In the meantime, Swissmedic only requires device registration for certain devices manufactured by Swiss manufacturers, such as Class I medical devices and IVDs. Non-Swiss manufacturers do not, and should not, register their devices* with Swissmedic.

*The exception is for custom-made devices, which should be registered irrespective of where the manufacturer is located.

An importer is the person (natural or legal) that first places a device from a third country onto the Swiss market.

As outlined in the Swissmedic’s ‘Obligations Economic Operators CH, the Swiss importer is not ‘designated’ into that role by the manufacturer.
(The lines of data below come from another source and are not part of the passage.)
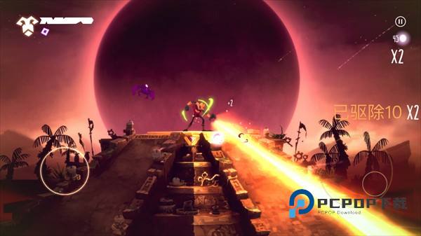 4、角色射出的光线对低等级的杂兵具有穿透能力,一次能消灭多个敌人,但中后期出现的高级敌人能够阻挡光线,对付起来要麻烦一些,这时候最好用咒术攻击辅助消灭靠近的敌人,否则很容因为受伤而导致连击中断,从而影响获得的分数。
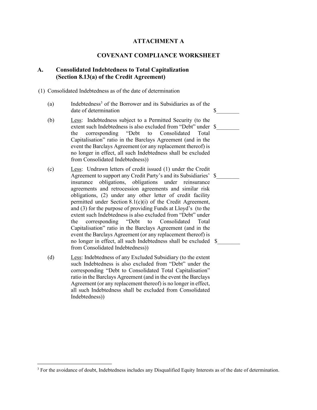 ATTACHMENT A COVENANT COMPLIANCE WORKSHEET A. Consolidated Indebtedness to Total Capitalization (Section 8.13(a) of the Credit Agreement) (1) Consolidated Indebtedness as of the date of determination (a) Indebtedness3 of the Borrower and its Subsidiaries as of the date of determination $________ (b) Less: Indebtedness subject to a Permitted Security (to the extent such Indebtedness is also excluded from “Debt” under the corresponding “Debt to Consolidated Total Capitalisation” ratio in the Barclays Agreement (and in the event the Barclays Agreement (or any replacement thereof) is no longer in effect, all such Indebtedness shall be excluded from Consolidated Indebtedness)) $________ (c) Less: Undrawn letters of credit issued (1) under the Credit Agreement to support any Credit Party’s and its Subsidiaries’ insurance obligations, obligations under reinsurance agreements and retrocession agreements and similar risk obligations, (2) under any other letter of credit facility permitted under Section 8.1(c)(i) of the Credit Agreement, and (3) for the purpose of providing Funds at Lloyd’s (to the extent such Indebtedness is also excluded from “Debt” under the corresponding “Debt to Consolidated Total Capitalisation” ratio in the Barclays Agreement (and in the event the Barclays Agreement (or any replacement thereof) is no longer in effect, all such Indebtedness shall be excluded from Consolidated Indebtedness)) (d) Less: Indebtedness of any Excluded Subsidiary (to the extent such Indebtedness is also excluded from “Debt” under the corresponding “Debt to Consolidated Total Capitalisation” ratio in the Barclays Agreement (and in the event the Barclays Agreement (or any replacement thereof) is no longer in effect, all such Indebtedness shall be excluded from Consolidated Indebtedness)) $________ $_________ 3 For the avoidance of doubt, Indebtedness includes any Disqualified Equity Interests as of the date of determination.
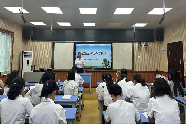 在本次见习活动中,师生观摩了子材小学优秀教师朱丽坤老师的五年级复习研讨课《Reviewl》。朱老师整合了一般过去式的变化和用法的内容,以chant一环为引领,设计了听、说、读、写、看五项活动,复习了模块的重点内容。课堂上,朱老师带领学生温习已学过的知识,并通过学习理解、应用实践、创造迁移等活动引导学生探究一般过去式的正确使用方法。朱老师教学目标明确、教学活动设计有梯度,课堂情境的设置与学生生活联系紧密,课堂练习题型多元化,课堂中注重“教-学-评”一体化的实施,充分发挥了学生的学习主动性,学生学习氛围浓厚。在课堂结束后,朱老师对自己的教学设计和教学效果进行了反思,参加活动的教师们积极发言,对本节课的亮点给予了充分的肯定。最后由庞金红老师做闽教版五年级听力复习经验分享,庞老师从听力题型、方法技巧等方面提出英语复习工作的建议,针对小学英语听力的复习可以利用课前抽背、口语训练等渠道,通过上下册教材整理分类,帮助学生对词汇、句型、对话、短文等进行全方面的复习,同时还要教给学生完成不同题型的方法和技巧。
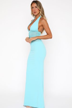 Create the dreamiest look in the All My Love Maxi Dress Aqua! Features a halter neck design with hook and loop closure. low plunge sweetheart neckline. sheer bodice with ruching detailing. maxi length. backless. back split detailing. and stretch material.
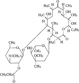 释义 | 丙酸红霉素 C40H71NO14=790.00 CAS-134-36-1 CAS-114-07-8(erythromycin) 红霉素2′-丙酸盐。 Erythromycin 2′-propanoate. 抗生素类药。 红霉素丙酸酯。 Erythromycin Propionate,Propiocine. USAN. |
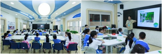 活动现场邀请到了深圳市蓝色海洋环境保护协会秘书长马海鹏为同学们进行授课,从地理、地质、环保、自然资源等方面开展科普。同时,活动还通过纪录片展示地质地貌的新、奇、特、美,在引领同学们感受大自然神奇魅力的同时,有效激发了同学们的学习兴趣。授课过程中,讲师还将地球科学知识、环保知识与深圳自然资源市情相结合。“深圳市的森林覆盖率为多少?”“深圳有什么绿色建筑?”面对讲师的提问,同学们纷纷举手回答,积极表达自己对于自然资源保护的看法。同学们在一问一答中,既对深圳的自然资源现状有了更深入的了解,又增强了环境保护意识。
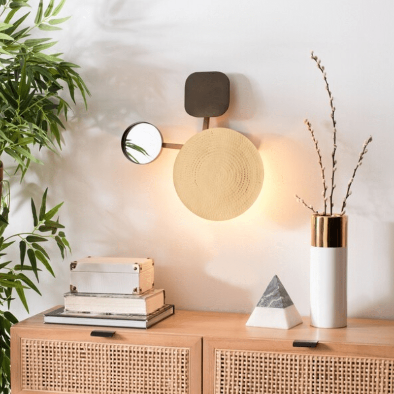 Dale un toque de glamour a tus paredes con el estilo artístico y la riqueza de texturas de nuestra decoración de pared Olosa. La decoración geométrica de pared juega con el tamaño, las proporciones y las texturas para lograr una composición sofisticada y llamativa. El acabado en latón antiguo envejecido se yuxtapone a una hermosa textura martillada. Combinada con la superficie reflectante de un espejo, nuestra decoración de pared eleva su hogar con una mezcla de materiales refinados. Difunde una luz suave contra la pared para añadir carácter e interés visual a sus paredes. Ideal para zona de escaleras o pasillos.
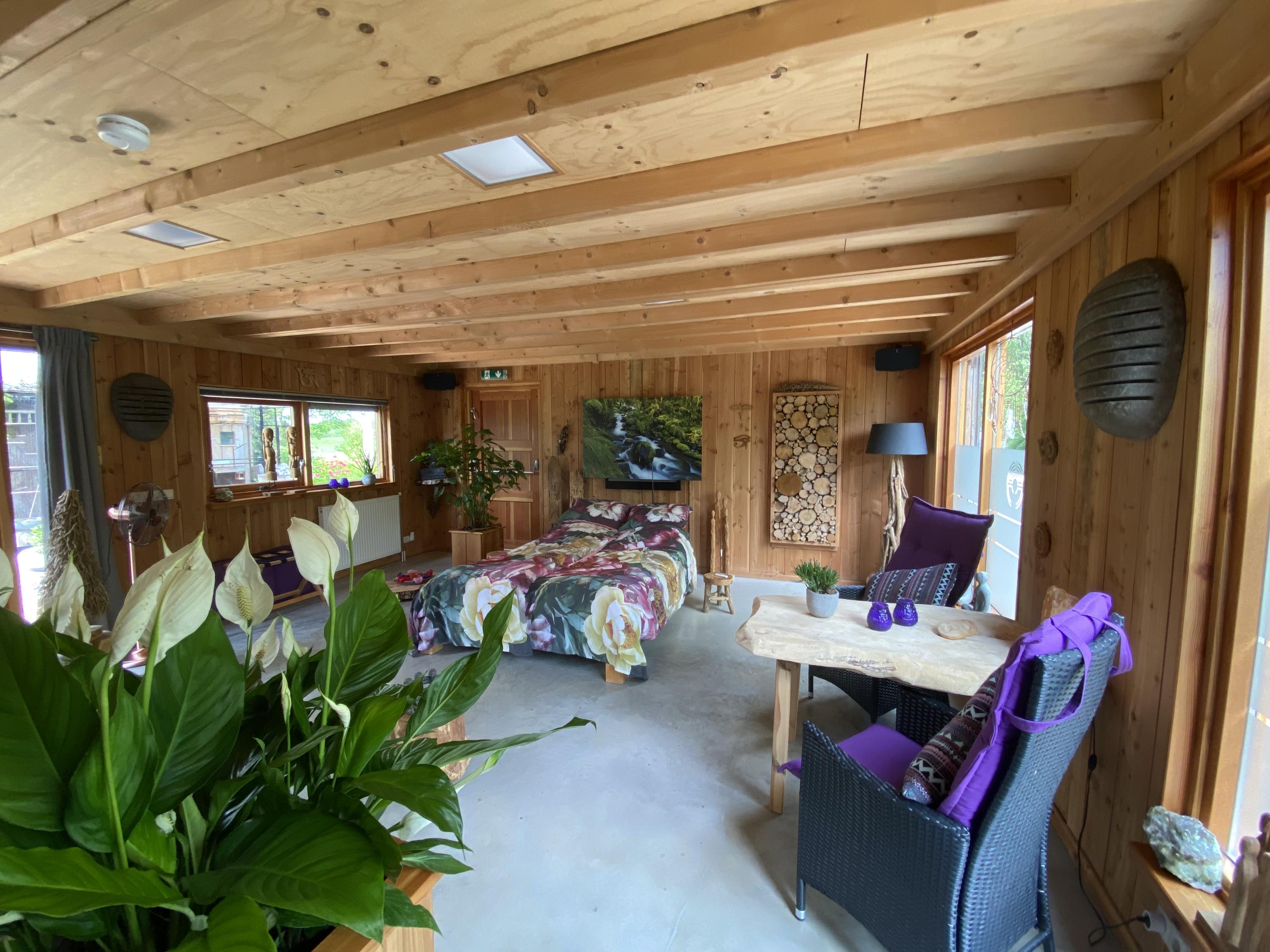 Multifunctional and fully insulated outbuilding from 2016 with full amenities suitable for guest accommodation, B&B, independent office/practice/workspace, etc. Layout as follows:

Instead, whichever entity within the supply chain that first ‘places the product on the market’ is considered the importer.

Similar to the EU MDR/IVDR, the Swiss importer information must be supplied with the device, either on the device labeling, instructions for use, or in a ‘document accompanying the device’. However, unlike Europe, Swissmedic’s interpretation of a ‘document accompanying the device’ is expanded to include: a delivery note, guarantee certificate, customs documents, or invoice. Further, Swissmedic does not require that the ‘document accompanying the device’ reach the end user, while Europe does require this.

In another shift from the EU requirements, Swiss importers are required to identify themselves with MDD/AIMDD/IVDD CE marked products, aka ‘legacy’ devices. This is a deviation from the European guidance documents MDCG 2021-25 (medical devices) and 2022-8 (IVDs), which does not require an importer identify themselves with legacy devices. 

Swiss importers should identify themselves with the device within three months of having first placed the product onto the Swiss market.